Thursday, May 31, 2007

Vietnam On The Brink Of New Bird Flu Epidemic

Vietnam's minister for agriculture has announced the country is on the brink of another bird flu epidemic.

The H5N1 virus has been found in chickens and ducks in 11 provinces. Experts find the outbreaks of the virus near the start of summer to be unusual. The virus is normally known to survive and thrive when temperatures are cooler. Warmer weather tends to weaken the virus' strength and ability to spread, and kill.

From Reuters :
Last week, the Southeast Asian country reported its first human case of H5N1 bird flu virus infection in a year and a half, a 30-year-old man in a province neighbouring Hanoi.

"The recent outbreaks were found mainly in waterflowl flocks that have not been vaccinated," Agriculture Minister Cao Duc Phat said in what was described as an urgent telegraph to People's Committees in all 64 provinces and cities.

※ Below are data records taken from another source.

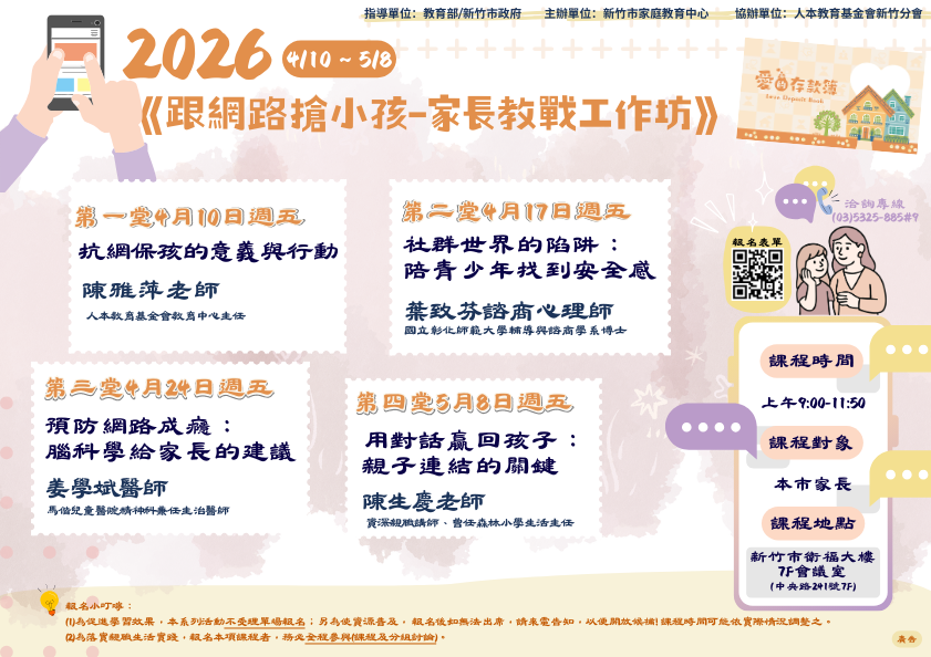 二、活動地點:新竹市社福大樓7樓會議室(中央路241號7樓)
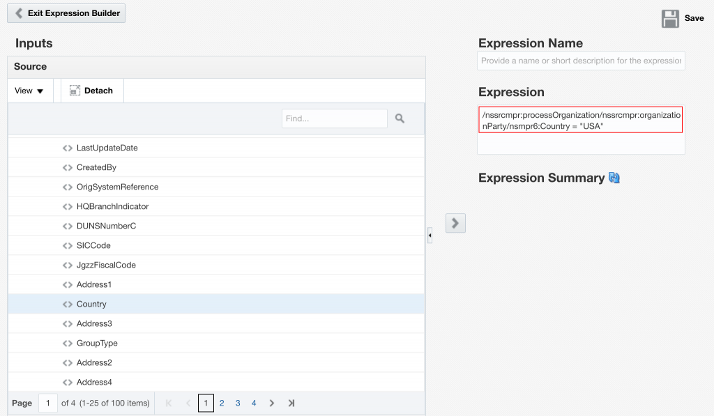 E.g. the expression for filtering on the country of the organization: /processOrganization/organizationParty/Country = “USA”
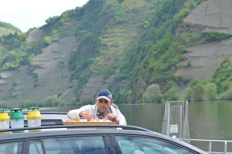 - Armin Radtkes (auto)mobiler Arbeitsplatz vor der Moselloreley, 21. Mai 2017 (Foto: Armin Dahl)
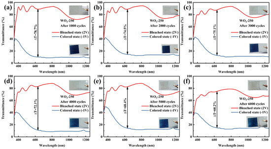 - Zhao, Y.; Zhang, X.; Li, W.; Li, Z.; Zhang, H.; Chen, M.; Sun, W.; Xiao, Y.; Zhao, J.; Li, Y. High-performance electrochromic WO3 film driven by controllable crystalline structure and its all-solid-state device. Sol. Energy Mater. Sol. Cells 2022, 237, 111564. [Google Scholar] [CrossRef]
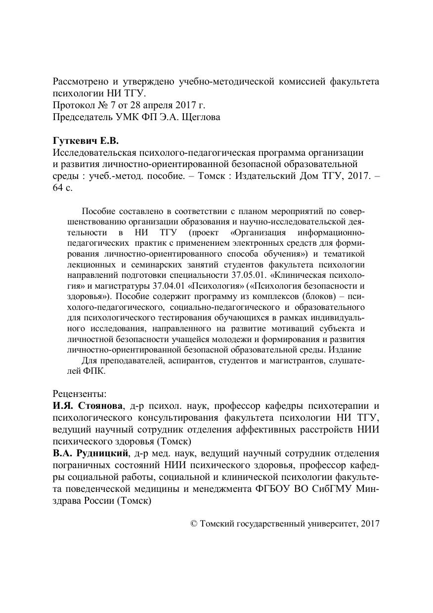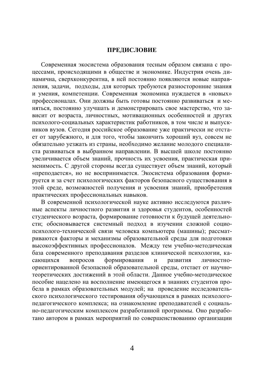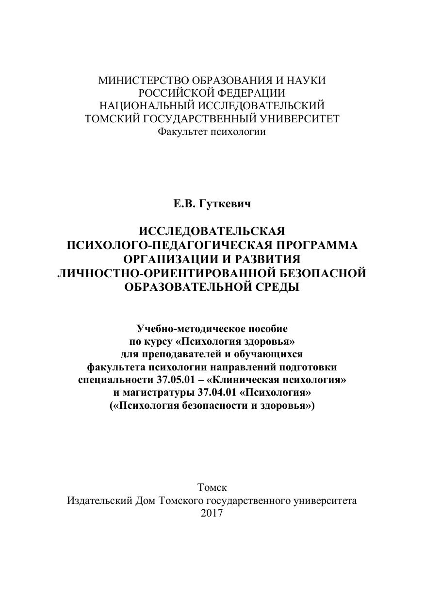 Пособие составлено в соответствии с планом мероприятий по совершенствованию организации образования и научно-исследовательской деятельности в НИ ТГУ (проект «Организация информационно-педагогических практик с применением электронных средств для формирования личностно-ориентированного способа обучения») и тематикой лекционных и семинарских занятий студентов факультета психологии направлений подготовки специальности 37.05.01. «Клиническая психология» и магистратуры 37.04.01 «Психология» («Психология безопасности и здоровья»). Пособие содержит программу из комплексов (блоков) – психолого-педагогического, социально-педагогического и образовательного для психологического тестирования обучающихся в рамках индивидуального исследования, направленного на развитие мотиваций субъекта и личностной безопасности учащейся молодежи и формирования и развития личностно-ориентированной безопасной образовательной среды. Издание Для преподавателей, аспирантов, студентов и магистрантов, слушателей ФПК.
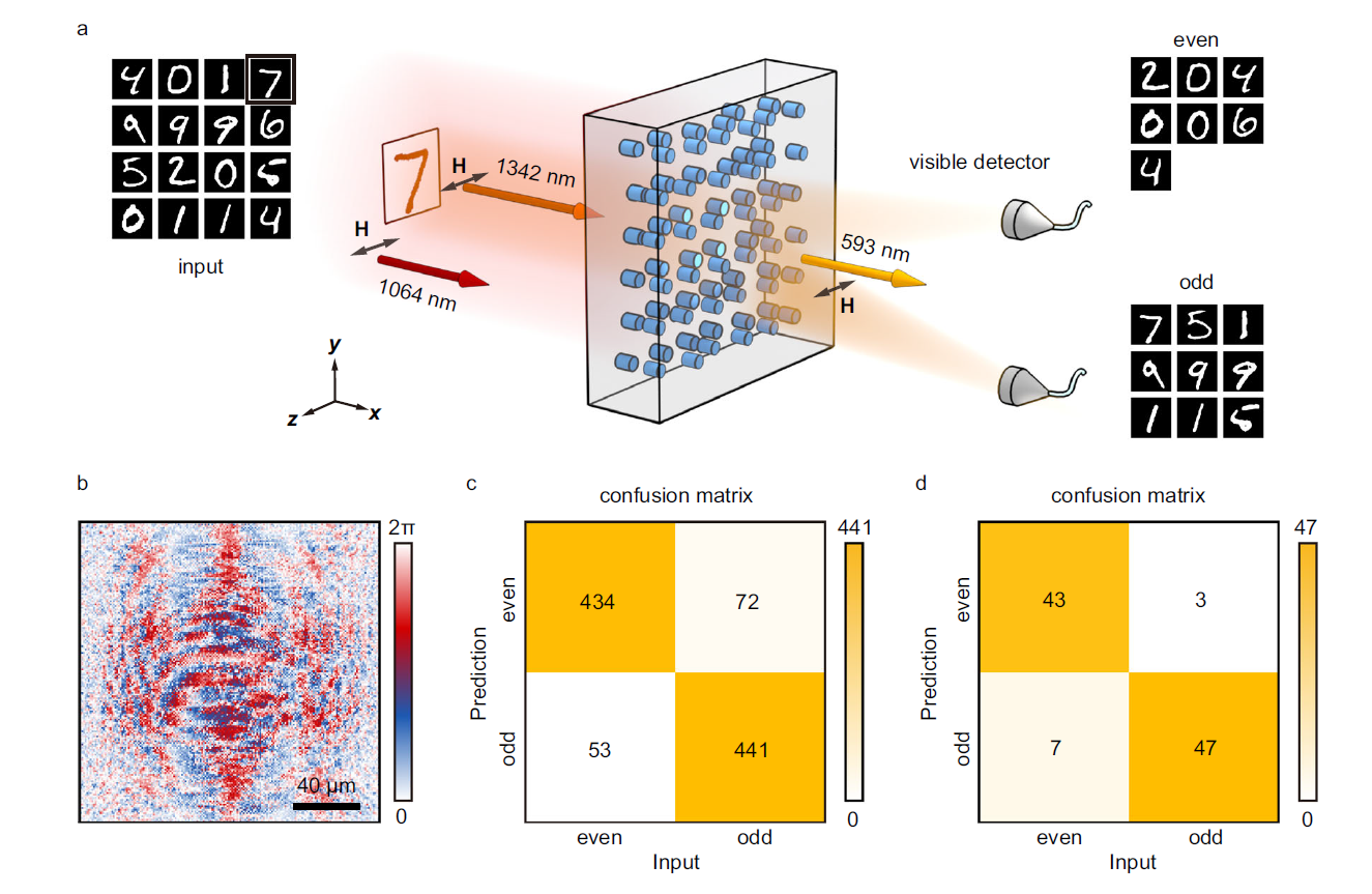 图4 基于频率上转换的手写数字分类。a上转换光学衍射神经网络对手写数字的奇偶分类示意图。b非线性全息图相位分布。c-d分别为数值和实验结果。
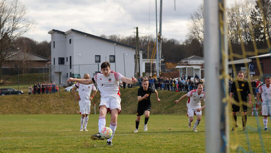 Der entscheidende Treffe für den SV Weiersbach im Derby. Nico Ackermann verwandelt einen Elfmeter zum 1:0-Sieg gegen den TuS Hoppstädten II. Stefan Ding
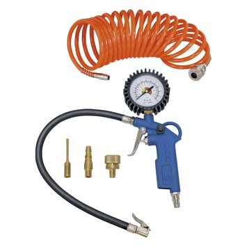 Het accessoire set bestaat uit 5 meest gebruikte luchtgereedschappen. Als eerste heeft de kit een bandenpomp met een manometer met dubbele schaal (Bar/PSI) en deflatieknop. De manometer heeft een rubberen beschermrand, ter voorkoming van schade aan het apparaat. Ook heeft de set een 5 meter lange terugslag luchtslang die geschikt is voor de accessoires om zo een makkelijke verbinding te maken. En er zitten ook nog 3 verschillende mondstukken in de kit. Deze zijn geschikt voor het oppompen van verschillende producten. Kortom, de Scheppach Luchtgereedschap Accessoires kit 5-delig is een ideale set voor de doe-het-zelf hobbyist.

"Now the development of the epidemic is very complicated. The risk of the epidemic's further development and spreading on a large scale is very high," Phat's message said.

It called for the vaccination of "100 percent of ducks".
Vietnam won praise from the World Health Organisation in 2004 and 2005 for taking "drastic steps" to halt he spread of the virus. Widespread poultry vacinnations were rolled out across the country and live birds were banned from sale in markets, a move that caused great consternation, but helped to halt the spread of H5N1.

In early 2006, after millions of birds were culled, or died from the virus, and it had claimed the lives of 42 people, the World Health Organisation announced that Vietnam was bird-flu free, and its fast-response emergency programs were hailed as a world standard on fighting the virus.

H5N1 "flared up repeatedly" earlier this year, mostly in rural areas.
The number of birds killed by the virus and slaughtered this month is more than 50,000 nationwide. The full economic impact might not be known for some months until the government compensates farmers for slaughtering their poultry, a World Bank economist said.

"The consequences will be much stronger in the winter," said Martin Rama, acting director of the World Bank in Vietnam.